И Моисей пьет вместе с лакающими овцами и псами ледяную чистую воду иссякающего ручья, вероятно возникшего после позавчерашней бури, несущего свежий запах снега с высот, и вода долго холодит изнутри глубь не изнуряющего, а бодрящего каждым своим мигом сна.
4. Да будет?
В плотно облегающей тьме, свернувшись головой к коленям, в самой нижней точке ныряния в длящемся вечно миге ожидания, когда выталкивающая сила понесет к поверхности, воздуху и свету прежде, чем залить глотку и умертвить еще до того, как пришел в жизнь, в раковине уха, словно кто-то приложил губы к слуховому отверстию, чтобы преодолеть слой воды, раздается громкое, уверенно-спокойное: «Да будет…»

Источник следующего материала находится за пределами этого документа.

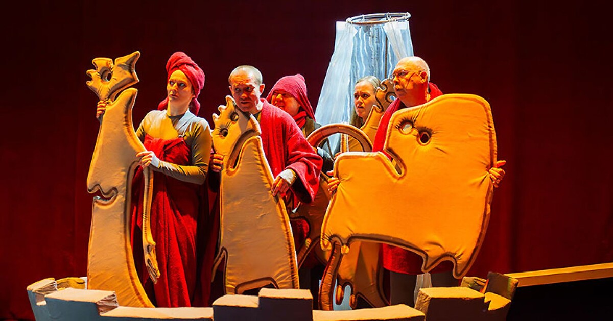 Новосибирский театр кукол в лице петербургского режиссёра Наташи Слащёвой переписал хрестоматийного «Гамлета», попытавшись уйти в психологию семейной жизни. Здесь «сыночка-корзиночка» Гамлет страдает посттравматическим стрессовым расстройством после таинственной гибели отца, Гертруда наконец-то обрела женское счастье в объятиях Клавдия, а Офелия живёт в иллюзорном коконе наивных мечтаний, который подозрительно напоминает душевую занавеску. На этот раз автор прекрасного спектакля «Про Ёжика и Медвежонка» вышла в пространство дерзкого арт-хауса (насколько это возможно в детском театре), где шекспировские герои жарятся на адовой сковородке токсичных семейных взаимоотношений, разыгрывая канонический сюжет на кухне.

Но он все еще ждет спасительного толчка, с остротой последнего мгновения видя, как в секунду молнией разветвляется в пространстве царство растений и животных, сквозь толщу земли и вод несущееся к воздуху с разрешающим и разрежающим тьму возгласом «Да будет…»
Какое мне дело до Сотворения, грянувшего сцеплением возникших из ниоткуда слов «Бэрейшит бара элоим…» [11] и этим приказным возгласом «Да будет», когда меня не будет?
В этот миг вырывается Моисей из сна бездыханным.
Ни вдохнуть, ни выдохнуть.
Через какое-то время, длящееся вечность, уже по ту сторону жизни, инстинктом — не пониманием, пригнув голову к земле, сдержав конвульсивные потуги дышать, чувствует, как очистилось горло и хлынул в легкие холодный ночной воздух.
11
«Вначале создал Бог…» (первые слова Библии).
Такого сопряженного с гибелью чувства Сотворения мира Моисей еще не ощущал.
Бывало, нашептывалось во сне о Сотворении: он опирался головой в каменную стену, капитель, колонну, но в следующий миг проваливался в пустоту и просыпался.
Бывало во сне удивительное ощущение того, как некое изначальное отвлеченное понимание мира растет в душе, подобно ребенку, зреет, обрастает живой тканью.
Но тут возникала женщина с оттопыренной губой обиженного существа, в то же время подобная засасывающей бездне, чей ненасытный рот готов проглотить все вопреки на этот раз остерегающему окрику «Да будет», требующая не задерживаться в этом затоне Бытия, пахнущем всеми запахами рая — медом, яблоками, персиками, срезанной, насыщенной солнцем травой, древесным клеем, сладким одиночеством, когда даже вдвоем каждый живет в своем облаке отчуждения, — саду мудрости, где — древо жизни, древо познания добра и зла, древо снов и мечтаний, древо печали.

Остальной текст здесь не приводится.